Известный актер – о своем новом спектакле, роковых совпадениях, лице Петербурга и о таксе, объехавшей весь мир

 

На сцене Большого театра кукол 9, 10 и 11 сентября состоятся премьерные в Петербурге моноспектакли Владислава Демченко «Зачарованный смертью» по мотивам японской прозы и поэзии в переводе Григория Чхартишвили (Бориса Акунина). В Москве за прошлый сезон эта постановка собирала зал уже 40 раз, а весной следующего года она будет показана в крупных городах Германии и Италии. Но Владислав ДЕМЧЕНКО признается, что важнее всего ему – быть понятым и принятым в родном Петербурге.

– Знакомство зрителя со спектаклем начинается с афиши. «Зачарованный смертью» – откуда такое пугающее название?

– Может, пугающее, а может, притягивающее. В любом случае оно не оставляет равнодушным. Дело в том, что спектакль создан по произведению Юкио Мисимы «Исповедь маски», а «Мисима» (это псевдоним) в переводе с японского означает «зачарованный смертью дьявол». Слово «дьявол» мы убрали, оставили «Зачарованный смертью».

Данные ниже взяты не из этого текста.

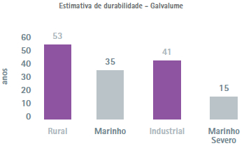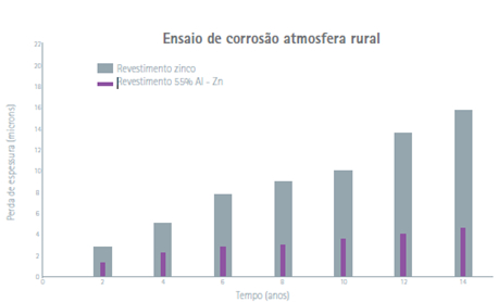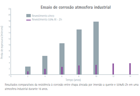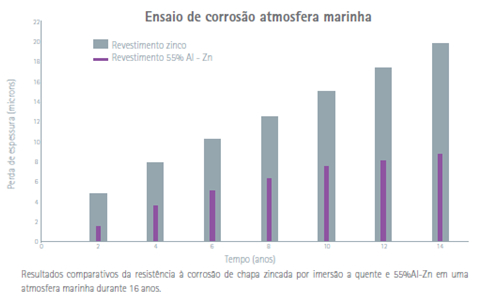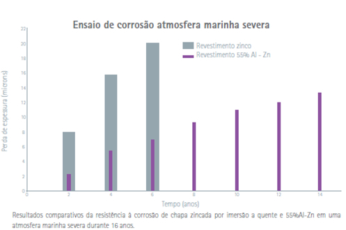 A partir de testes acelerados, exposições de amostras à atmosfera e acompanhamento de produto em serviço (por meio de inspeções periódicas realizadas em diversas construções), pôde-se constatar a performance superior do galvalume sobre o galvanizado no quesito resistência à corrosão. A vida útil do galvalume é duas a quatro vezes maior se comparada com a vida útil do aço galvanizado. Estes dados foram obtidos com base em amostras expostas em diversos ambientes na Europa, pelo período de quase 20 anos, e nos EUA, por um período superior a 30 anos.

В спектакле многое связано со смертью, как с некой конечной точкой, но он абсолютно воздушный и позитивный. Я вообще не считаю его моноспектаклем и хочу, чтобы жанр звучал как «соло для артиста с бабочками». Потому что в финале на сцене появляются живые бабочки. Это как символ: одна жизнь растворяется в облаке, другая рождается. И в этом огромный позитив. Бабочки остаются на сцене жить своей жизнью. Это как души. И зритель даже может взять бабочку и унести ее с собой, как уже происходило на спектаклях. Ведь неизвестно: она может сесть к вам на плечо.

– О чем этот спектакль?

– О вас, обо мне и о любом другом, кто ходит по улице. У каждого в жизни бывают периоды, когда что-то с тобой происходит, но ты боишься об этом сказать и даже подумать. А Мисима произносит вслух: это первое знакомство с физиологией, с мужеско-женским началом, первый опыт отношений с женщиной. Кстати, ему он дико не понравился. Или первая влюбленность в мужчину. Здесь нет мотивов гомосексуальности. Но есть восхищение совершенным телом, совершенными мускулами, волосами под мышками. «Как, а у меня нет ничего этого!» – думает подросток. Это сейчас думаешь: «Боже мой, зачем все это?!» Об этих вещах Мисима говорит открыто.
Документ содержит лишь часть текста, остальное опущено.